[Goal of the exercise] Retype only what runs from the beginning of the data through the line with "If the front"; please omit the pictures and keep every line exact.

[Data provided]
== Segment start ==
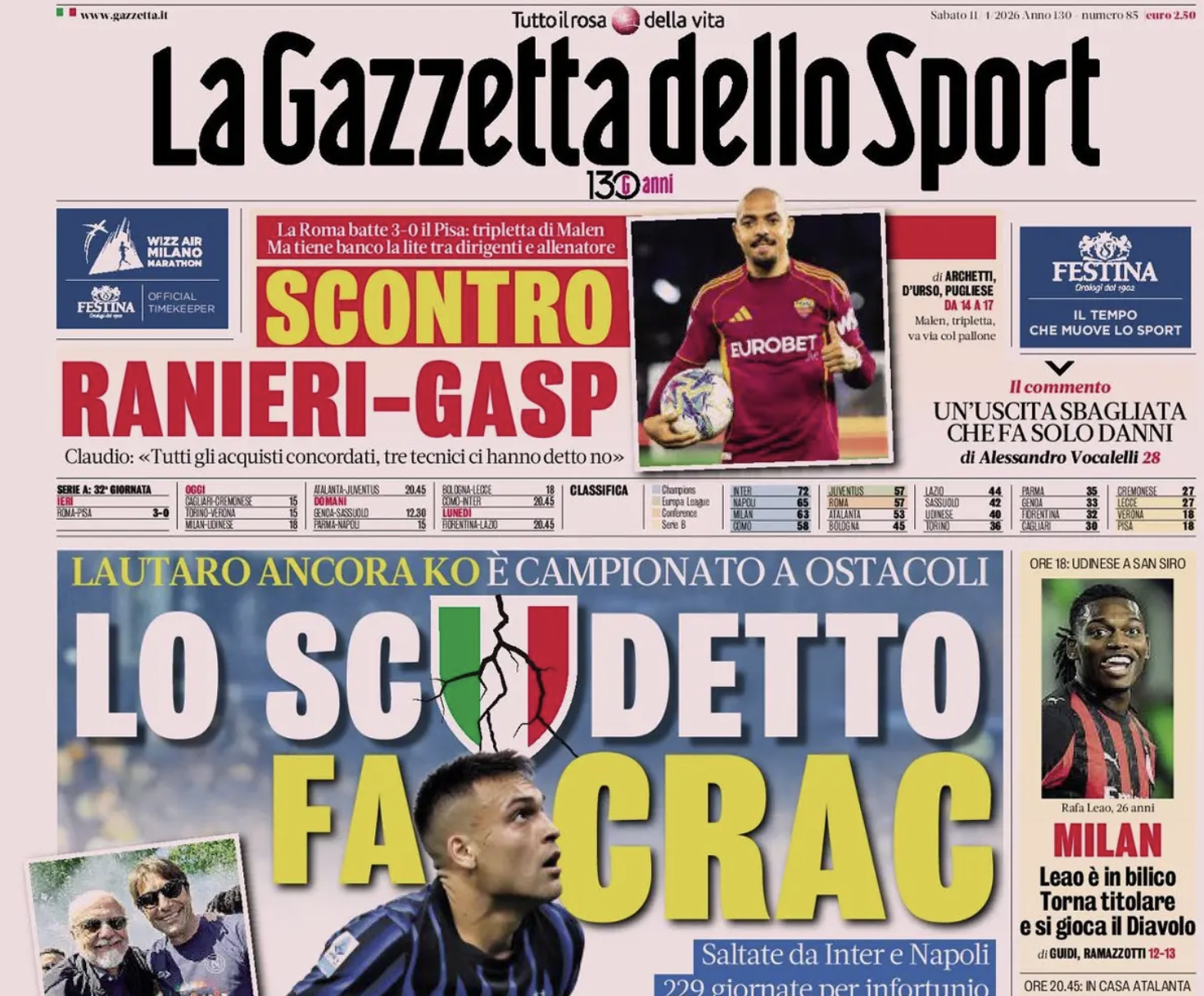 GAZZETTA DELLO SPORT – Nessun focus dedicato alle parole di mister De Rossi (clicca QUI per leggerle integralmente), ma sola una prima bozza delle probabili formazioni di Genoa e Sassuolo. Spazio a Baldanzi in mezzo al campo assieme a Malinovskyi e Frendrup, con Sabelli preferito a Martin sulla corsia di sinistra.
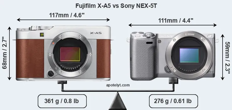 If the front view area (width x height) of the cameras is taken as an aggregate measure of their size, the Sony NEX-5T is notably smaller (18 percent) than the Fujifilm X-A5. Moreover, the NEX-5T is markedly lighter (24 percent) than the X-A5. In this context, it is worth noting that neither the X-A5 nor the NEX-5T are weather-sealed.
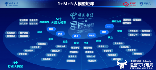 在星辰大模型矩阵中还包括有星辰视觉大模型、星辰语音大模型以及星辰多模态大模型。基于该矩阵,中国电信正积极为千行百业赋能,推动行业智能化升级。
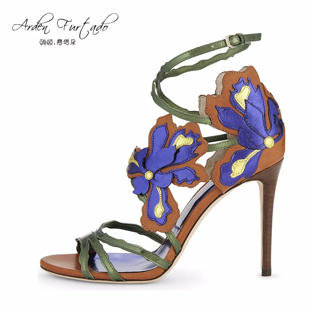 Новинка года; Летние босоножки с вышивкой на высоком тонком каблуке
== Segment end ==
[Solution for this problem]
 GAZZETTA DELLO SPORT – Nessun focus dedicato alle parole di mister De Rossi (clicca QUI per leggerle integralmente), ma sola una prima bozza delle probabili formazioni di Genoa e Sassuolo. Spazio a Baldanzi in mezzo al campo assieme a Malinovskyi e Frendrup, con Sabelli preferito a Martin sulla corsia di sinistra.
 If the front view area (width x height) of the cameras is taken as an aggregate measure of their size, the Sony NEX-5T is notably smaller (18 percent) than the Fujifilm X-A5. Moreover, the NEX-5T is markedly lighter (24 percent) than the X-A5. In this context, it is worth noting that neither the X-A5 nor the NEX-5T are weather-sealed.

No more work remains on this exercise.